Justin Chisholm Article

With traditional sailing club membership levels around the world dwindling year by year, it’s rare to hear of new clubs being formed. However, the Brooklyn Sail Club is one such venture and the US Sailing sanctioned operation is hoping its innovative pay-to-play model could help it buck the global downward trend.

 

The club is based out of the newly completed ONE°15 Brooklyn Marina situated in the shadow of the Brooklyn Bridge on the eastern edge of in New York Harbour.

 

When I visited in the summer of 2016 the last of the pontoons were being installed. Aside from a scattering of ribs and other small power boats the only other craft in marina was a fleet of six Melges 24s and eight J80s; all in tip-top racing trim.

 

Intrigued, I sought out director of sailing operations, Stephen Yip, to ask him to explain how the new club worked.

 

“We run a club operation and we also run a sailing school,” he told me. “People can join the club kind of in the same way they would join a health club: you pay your membership fee and then you can book a boat and take it out sailing.”

 

The club screens individual members’ sailing abilities and only those authorised can take charge of one of the club’s fleet.

 

“For those without skipper’s privileges with the club, coastguard-certified captains can take you out and we have coaches that will train you to become skippers.”

 

According to Yip, the club’s philosophy revolves around helping people to become better sailors, whatever their starting level.

 

“Whether people come to us as beginners, advanced racers or advanced cruisers, we think we can really open up the waterfront to people in Brooklyn and to anyone else who comes to visit our facility.

 

Yip targets two types of customers.
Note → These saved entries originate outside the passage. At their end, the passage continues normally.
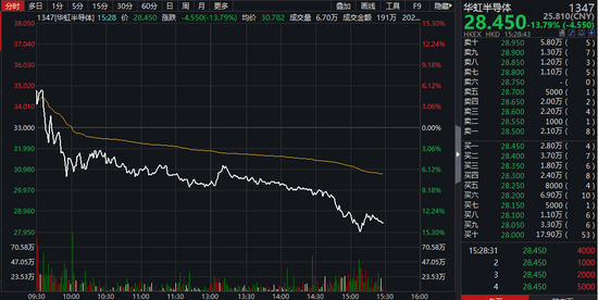 中芯国际的再度跳水拖累港股市场整个半导体板块集体走低,港股华虹半导体大跌近14%;上海复旦跌超10%,中电华大科技跌超4%。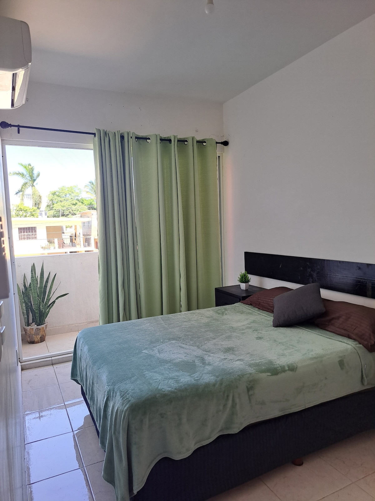 "Nuestro departamento esta a 5 minutos en carro de playa Miramar. Cuenta con cocina equipada con estufa, horno, licuadora, cafetera, utensilios básicos de cocina; Un baño completo con agua caliente. La habitación principal cuenta con MiniSplit, 1 camas matrimonial y una Queen sice y closet amplio. Otra habitación con una cama Quin Size (sin aire acondicionado) . Sala de estar con una pantalla de 40 pulgadas, WIFI, y tv por cable. terraza con asador, mesas y sillas.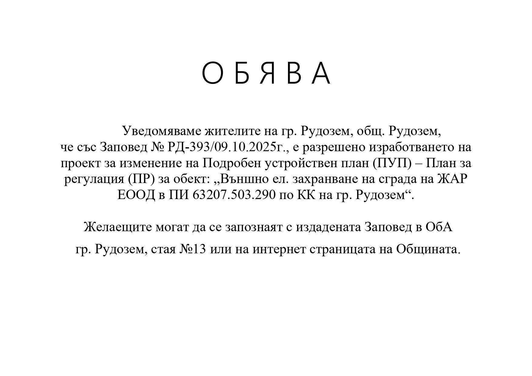 Обява и Заповед № РД-393 от 09.10.2025г.
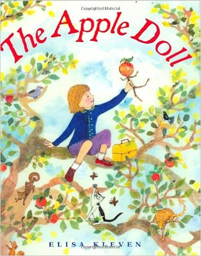 Kleven, Elisa, The Apple Doll, Farrar Straus Giroux, 2007Lizzie loves her apple tree where she often lies on a branch contently alone except for some birds and squirrels. She watches the tree change through the seasons, pretending that her tree is "a skeleton rattling in the autumn" a gingerbread cake with snowy frosting during winter, "a blossomy springtime cloud" and "a leafy summer circus"; charming vignettes show her eating snow in winter, and swinging upside down on a branch of the tree in summer. Soon however, it is her first day of school and Lizzie worries about whether she will make friends, Her sister tells her that she pretends too much and that school will be good for her because she can "make some real friends". Before starting off for school, Lizzie climbs up in her tree and picks her favorite apple, "round as a ball, warm as the sunlight-too happy to pack in her lunch box" and whispers to her apple that she has named Susanna that she is scared about going to school. She gives her apple a twig body and carries her apple doll to school but her teacher tells her to put her apple away until lunchtime and then her classmates tease her: one says, "Why don't you play with a real doll?" When Lizzie arrives home that first day, she gives Susanna yarn hair, dresses her in fabric and lace, gives her toys to play with and tells her that she does not have to go to school anymore. Lizzie who must return to school sits by herself in the playground and feels very lonely. A little girl stares at her as she eats her lunch all by herself. When the apple doll begins to deteriorate, Lizzie dries her; now Lizzie's doll has a wrinkled face atop a pipe cleaner body, and is dressed in fabric and lace.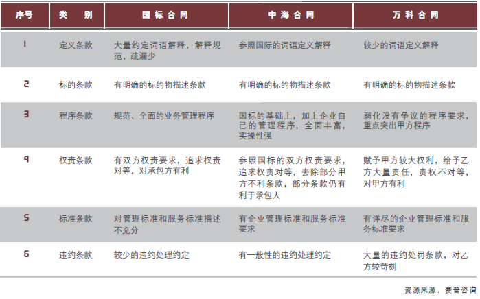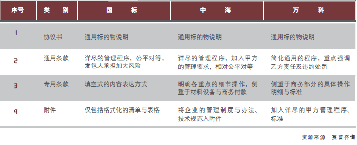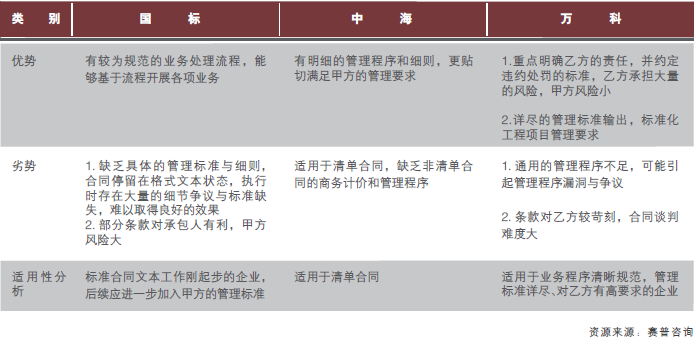 选取国内市场应用广泛的国标合同及两个标杆企业中海、万科的工程合同进行对比分析: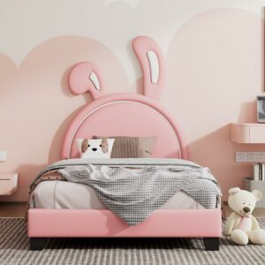 Aukfa Upholstered Platform Bed with Bunny Ears Headboard for Kids, Faux Leather Twin Bed Frame – Pink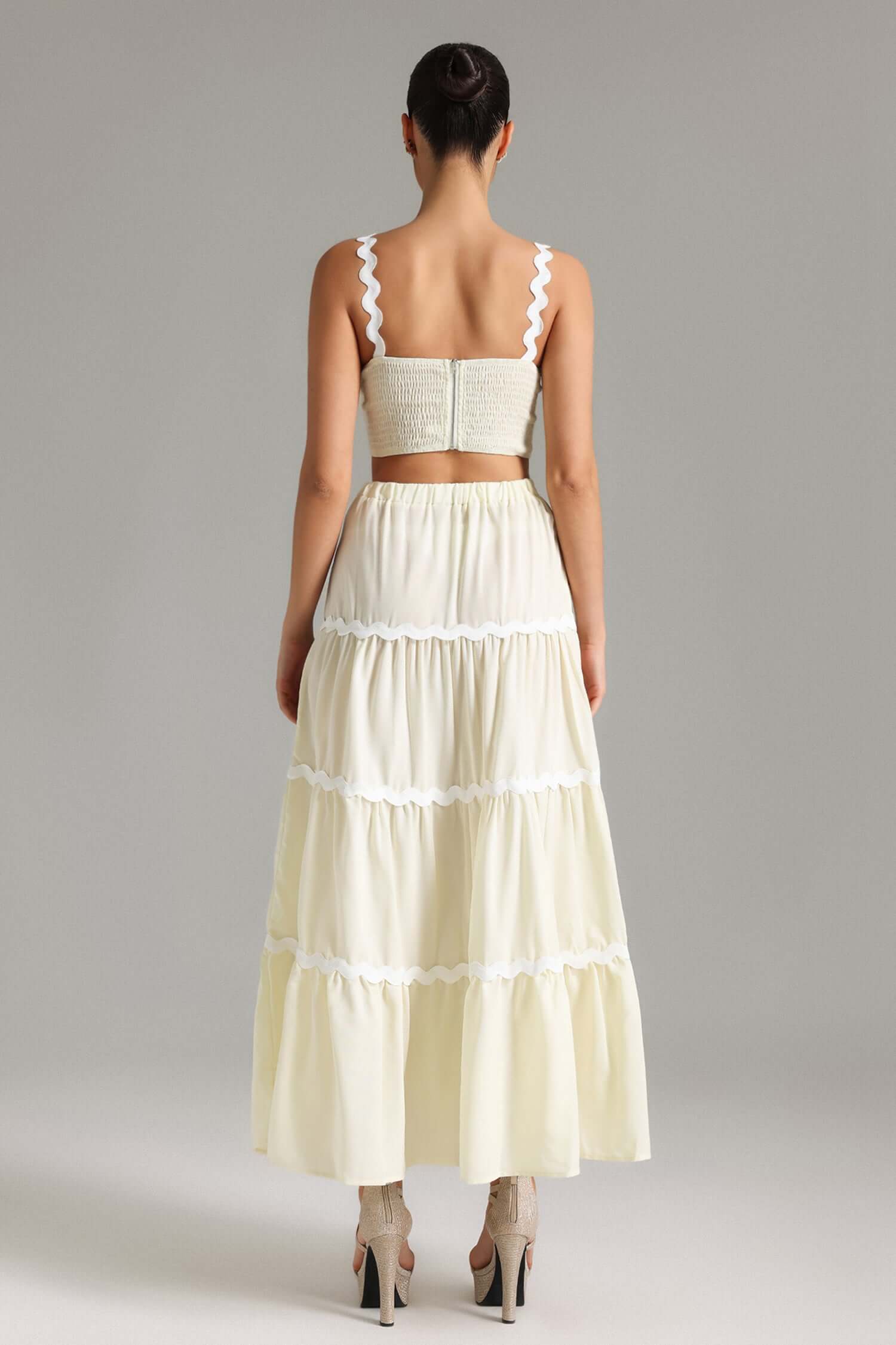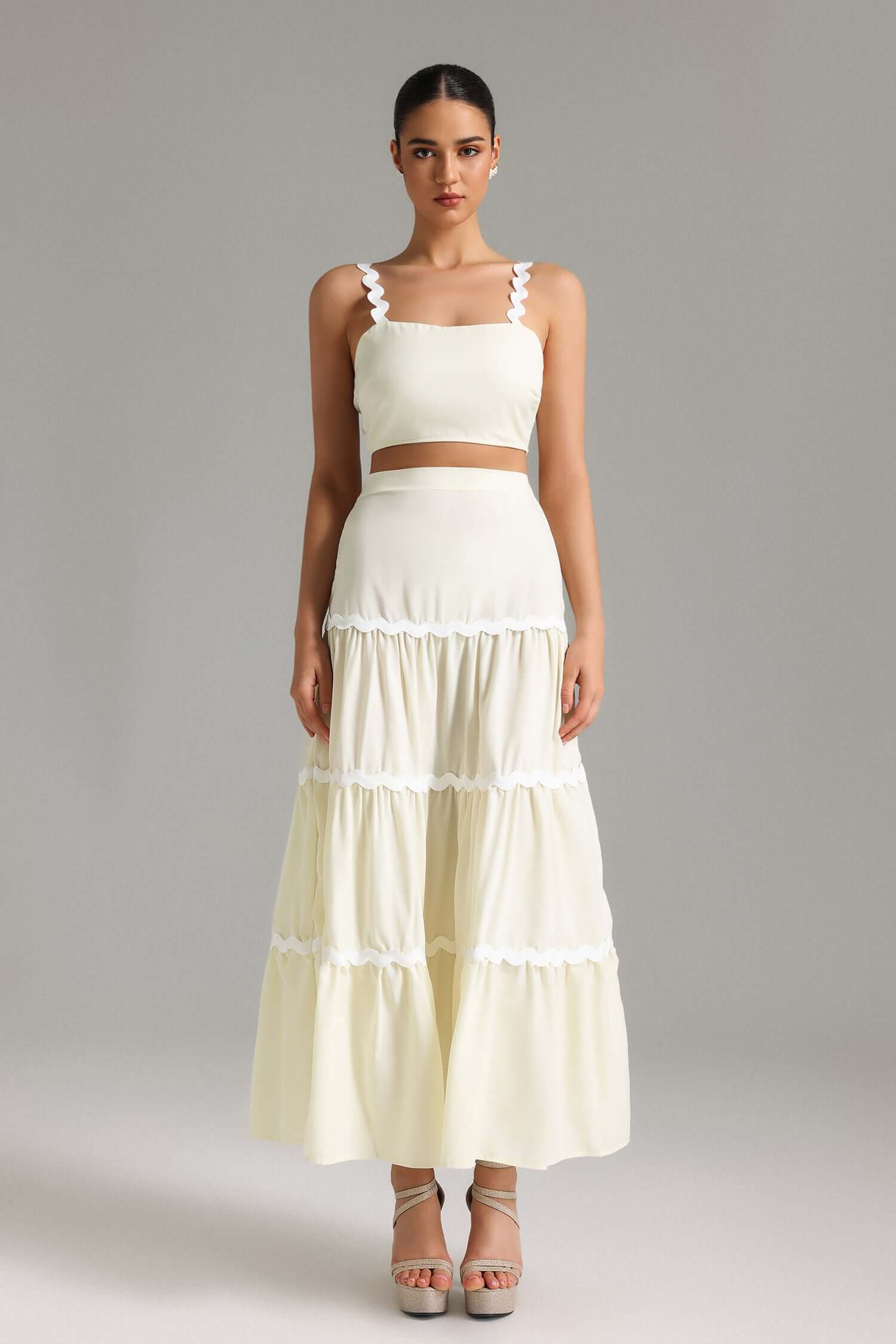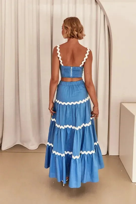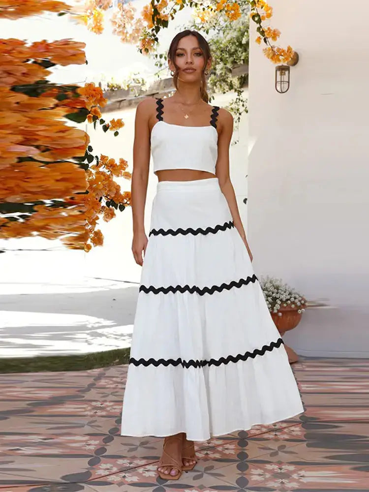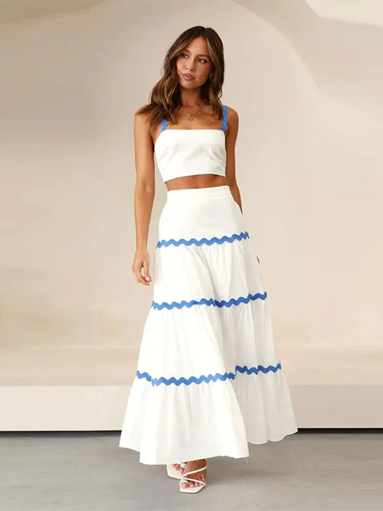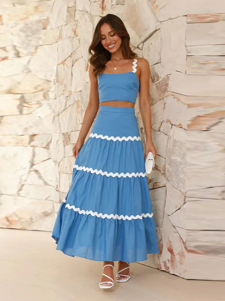 Indulge in this high – quality two – piece outfit perfect for summer. It combines a stylish crop top with a voluminous maxi skirt, offering an elegant and feminine look for warm days.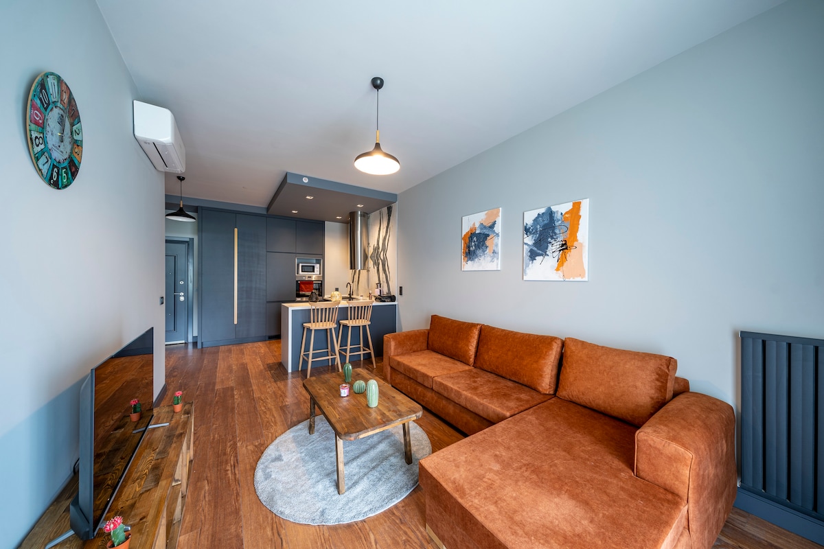Our 1+1 flat is in the very old and central neighborhood of Beyoglu. The flat is in a secured residence building with 7/24h surveillance. In the flats' entrance there's an incorporated wardrobe. The american kitchen has all the essentials: refrigerator, oven, hot plate and also the necessities. In the living-room you will find a 4K TV in front of the sofa-bed (in which 1 persons can fit). There's also an air conditioning. Besides, our bedroom has a King size bed with an orthopedic mattress.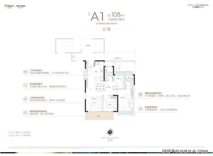 建面约108㎡的三房两厅两卫, 总价约700万起,门槛友好, 年轻家庭置业中环的不二选择。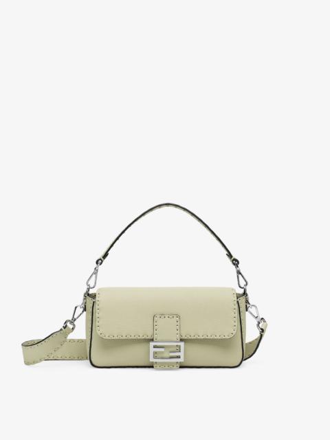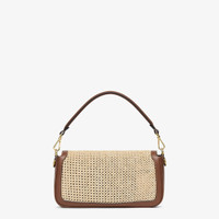 Iconic medium Baguette bag, created in 1997 which went on to become the leading It bag. Versatile and with timeless appeal, it features the iconic underarm design inspired by the French Baguette bread from which it takes its name. Made of natural-colored macramé raffia. Trimmed in brown calfskin and embellished with an FF clasp. Featuring a front flap, magnetic clasp, one unlined internal compartment with a removable leather pocket and gold-finish metalware. The bag can be carried by hand, or worn either on the shoulder or cross-body thanks to the handle and shoulder strap, both detachable. Made in Italy Measurements: - Height : 15 cm - Depth : 6 cm - Width : 27 cm - Weight : 0.49 kg - Strap length (min) : 90 cm - Strap length (max) : 90 cm - Shoulder strap drop : 41 cm Composition: 100% viscose, 100% calf leather Product Code: 8BR600AOVOF1PII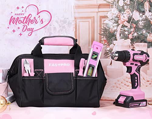 FASTPRO 232-Piece 20V Pink Cordless Lithium-ion Drill Driver and Home Tool Set, Lady’s Home Repairing Tool Kit with 12-Inch Wide Mouth Open Storage Tool Bag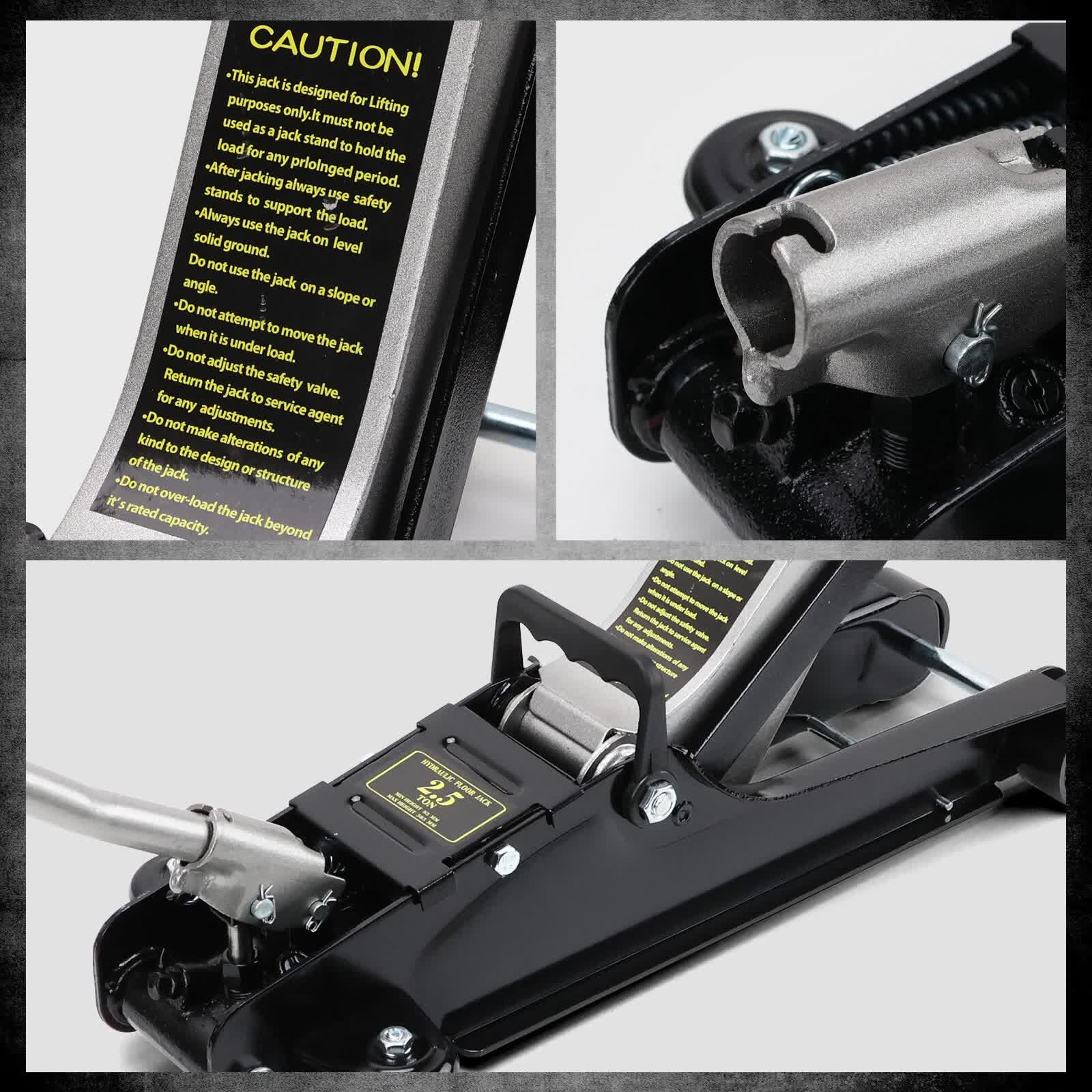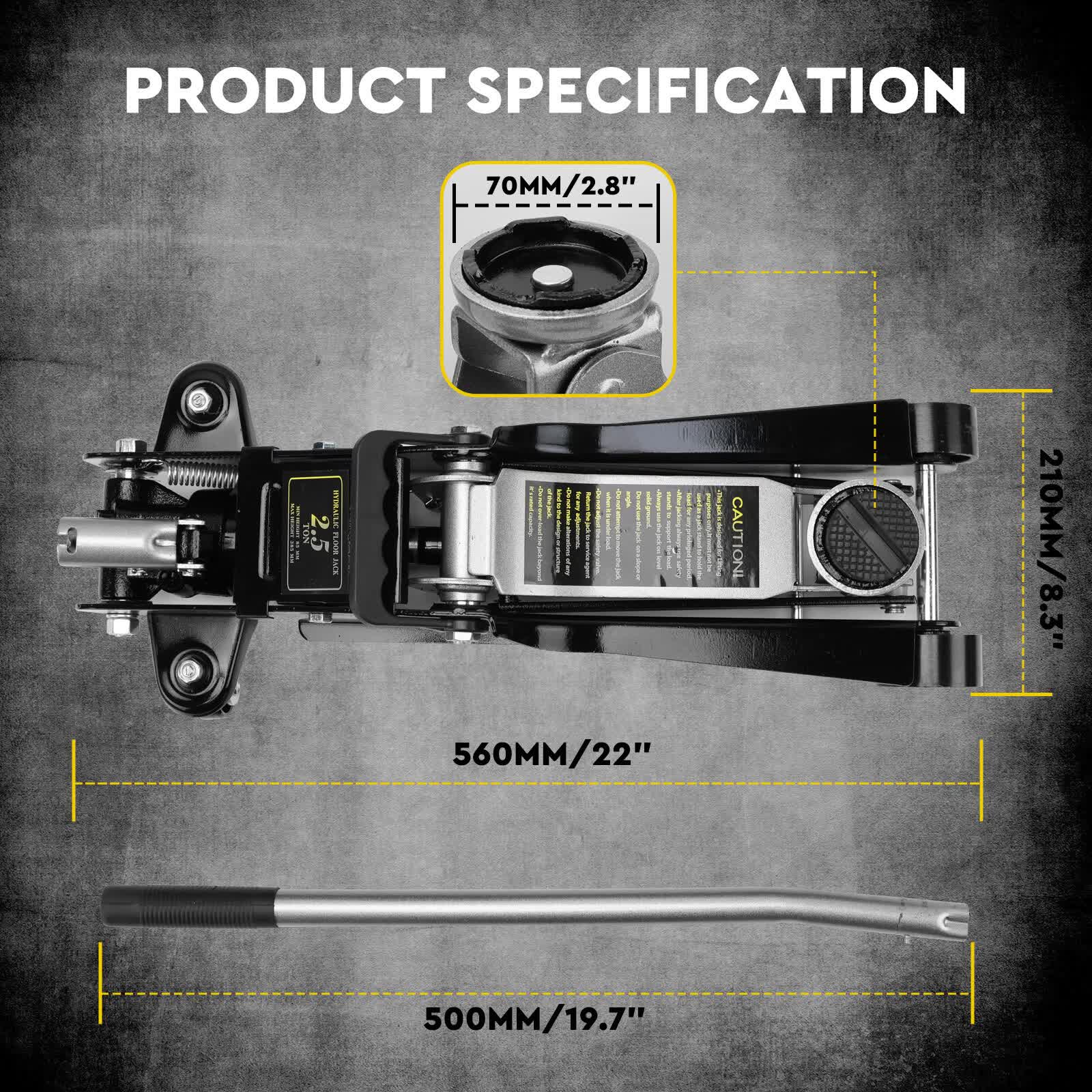 The hydraulic floor jack is a sleek, low profile, durable and long lasting 2.5T steel service jack capable of taking on any job for professionals or weekend warriors. The true low profile design allows users to get under almost any vehicle to lift and comes at a significantly lower cost compared to other models in the market.

Firstly, the people who already know how to sail and want to go sailing but don’t want to own their boats.

 

“Those people want to join a club with a fleet of nice boats that are well looked after so they can take their families and friends out sailing. It’s very much an alternative to boat ownership.”

 

The other people Yip is targeting are the ones who live in and around Brooklyn or the skyscrapers of nearby Manhattan.

 

“People who live and work in the local area are never far from the waterfront. We are trying to inspire them to come and make use of the waters just off their city. Through us they can take lessons and if they like it they can join the club and keep on developing their skills.”

 

Certified skippers and their crews can join in organised racing on the Melges 24s or J80s at weekends and Monday and Friday evenings. There is a range of membership levels, including pay-as-you-go and a non-racing option.

 

A top of the range Platinum Membership for $2300 per year means you can sail and race as you want – to my mind, not bad a deal compared to the cost of owning and berthing your own race boat.

 

When I visited the Brooklyn Sail Club had around 150 members. Yip seemed happy with that level after less than two years of operation.

 

“We believe success will come from building a quality base of members who are part of the community and want to help us grow our teaching and learning philosophy,” he said.